Generated design docs and implementation plans via Codex for: - Batch 23: Routes - Batch 24: Leaf Nodes - Batch 25: Gateways - Batch 26: WebSocket - Batch 27: JetStream Core - Batch 28: JetStream API - Batch 29: JetStream Batching - Batch 30: Raft Part 1 All plans include mandatory verification protocol and anti-stub guardrails. Updated batches.md with file paths and planned status.
9.0 KiB
Batch 25 Gateways Design
Date: 2026-02-27
Batch: 25 (Gateways)
Scope: Design only.
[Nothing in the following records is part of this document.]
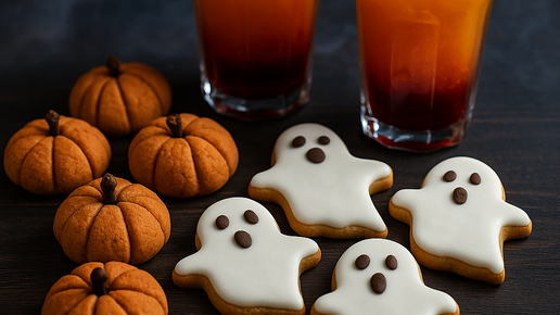 Три простых рецепта на Хэллоуин 2025: печенье «Тыквочки», «Привидения» и коктейль «Кровавая апельсинка»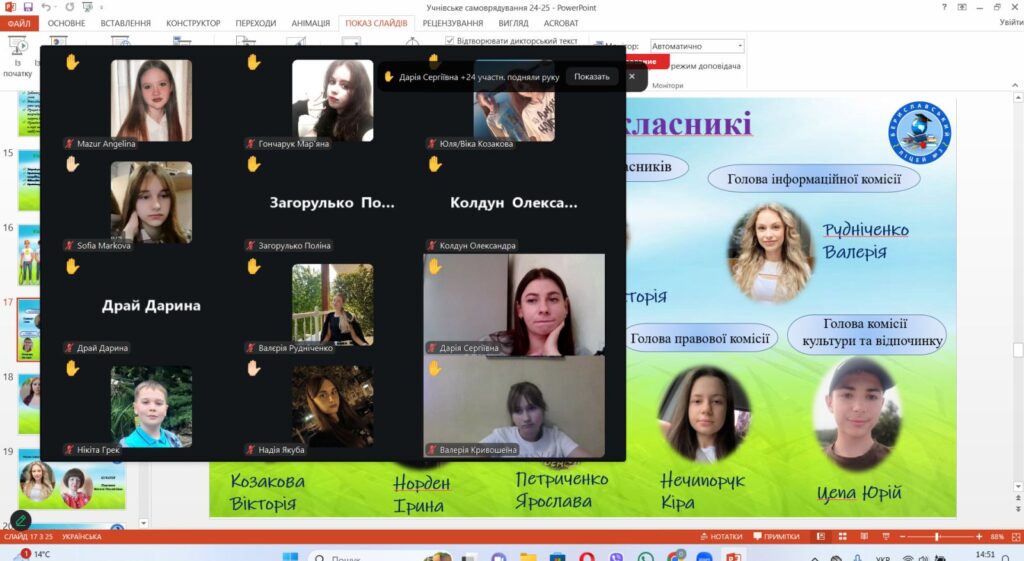 Під гаслом «Ми – єдина команда» відбулося І засідання дитячо-юнацької організації «Молодіжний центр». Розглянули структуру Ради старшокласників, функції, основні принципи. Учні 6-11 класів ухвалили кандидатів Ради старшокласників до комісій, а також план роботи на І семестр: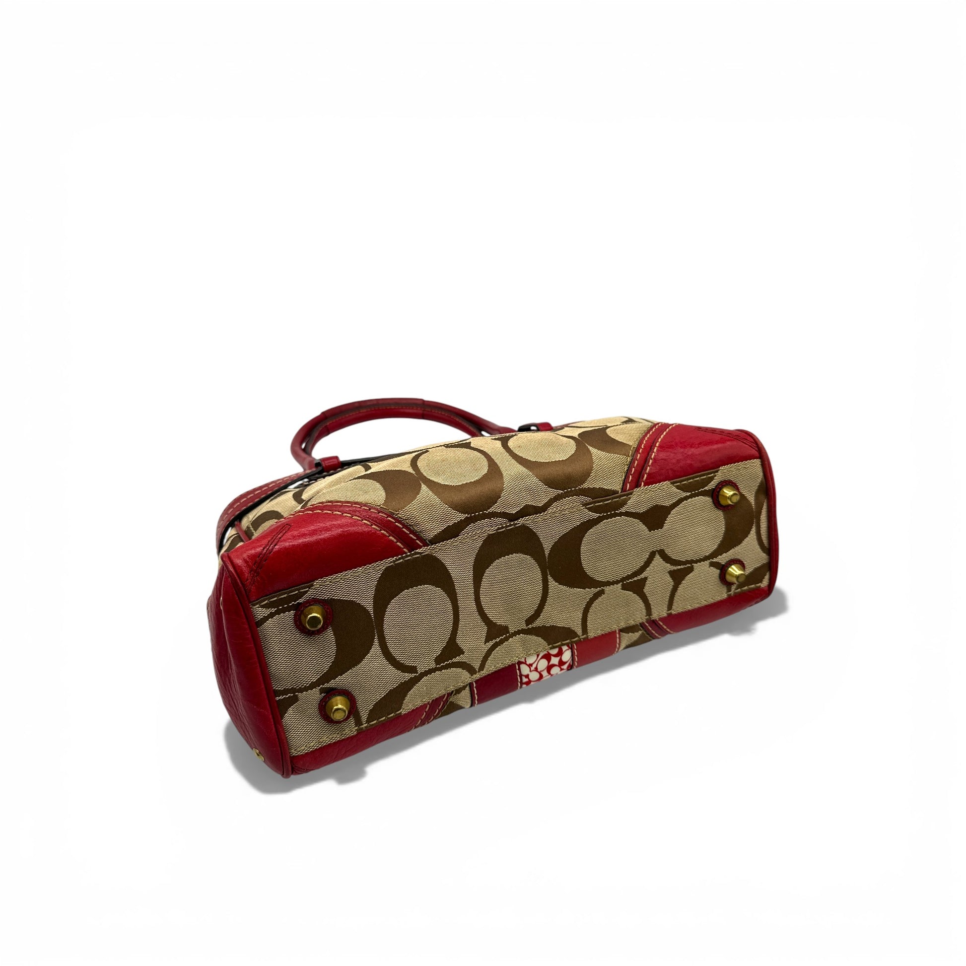 Vintage Coach F13065 Hampton Clip Handtasche in Beige und Braun mit charakteristischem Monogramm, rotem Lederbesatz und silberfarbenem Hampton-Clip. Ein Y2K-Modell aus dem Jahr 2008.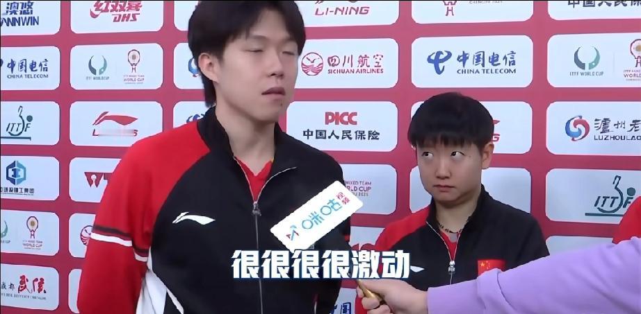 2025年成都“乒乓球混合团体世界杯”上,王楚钦作为运动员代表上台宣誓,在赛后的采访中,王楚钦表示“很昂扬,很激动,很荣幸”。而边上孙颖莎的表情亮了,先是翻了白眼,然后扭头偷笑…… 网友吐槽:他俩私下肯定不是这么说话的,所以把莎莎整笑了!大头怎么对着镜头就结结巴巴啊,也是见过大世面的人了!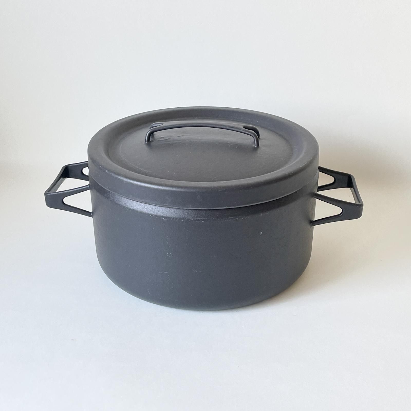 フィンランドで1960年-1970年代に生産されていた、フィネルのホーローの両手鍋です。容量は4リットルとたっぷりサイズ。マットなブラックは生産数が少なく、希少性があります。デザイナーはフィネルで数々のグッドデザインの調理器具をデザインしたセッポ・マッラト。このシリーズは、赤、黄色、ネイビー、オリーブグリーンなど、色バリエーションが豊富ですが、このマットブラックは落ち着いた魅力と存在感があります。

No implementation in this document.
Problem
Batch 25 ports gateway connection handling from golang/nats-server/server/gateway.go into the .NET server.
- Features:
86(all currentlydeferred) - Tests:
59(all currentlydeferred) - Dependencies: batches
19and23 - Go source:
server/gateway.go - Batch status:
pending
This batch is one of the highest fan-in networking areas: it touches server startup, inbound/outbound connection lifecycle, route gossip, account interest propagation, and reply-subject mapping.
Context Findings
Collected with:
/usr/local/share/dotnet/dotnet run --project tools/NatsNet.PortTracker -- batch show 25 --db porting.db/usr/local/share/dotnet/dotnet run --project tools/NatsNet.PortTracker -- batch list --db porting.db/usr/local/share/dotnet/dotnet run --project tools/NatsNet.PortTracker -- report summary --db porting.db/usr/local/share/dotnet/dotnet run --project tools/NatsNet.PortTracker -- batch ready --db porting.db
Repository observations:
dotnet/src/ZB.MOM.NatsNet.Server/Gateway/GatewayTypes.csalready contains gateway data types, but method behavior is mostly unimplemented and includes at least one explicit TODO (GwReplyMapping.Get).NatsServer.Init.csstill comments gateway initialization as deferred (s.NewGateway(opts)).NatsServer.Lifecycle.csincludes gateway placeholders (GetAllGatewayConnections,RemoveRemoteGatewayConnection,GatewayUpdateSubInterest) that need full parity behavior.ClientConnection.csdoes not yet contain gateway protocol/message handlers (ProcessGatewayConnect,ProcessGatewayInfo,ProcessGatewayRSub,SendMsgToGateways, etc.).GatewayHandlerTests.Impltests.cscurrently has many placeholder-style tests (for example assertions against literal"Should"strings), so Batch 25 test work must include anti-stub cleanup.batch readycurrently does not list Batch 25 as ready, so implementation must not start until dependencies are complete.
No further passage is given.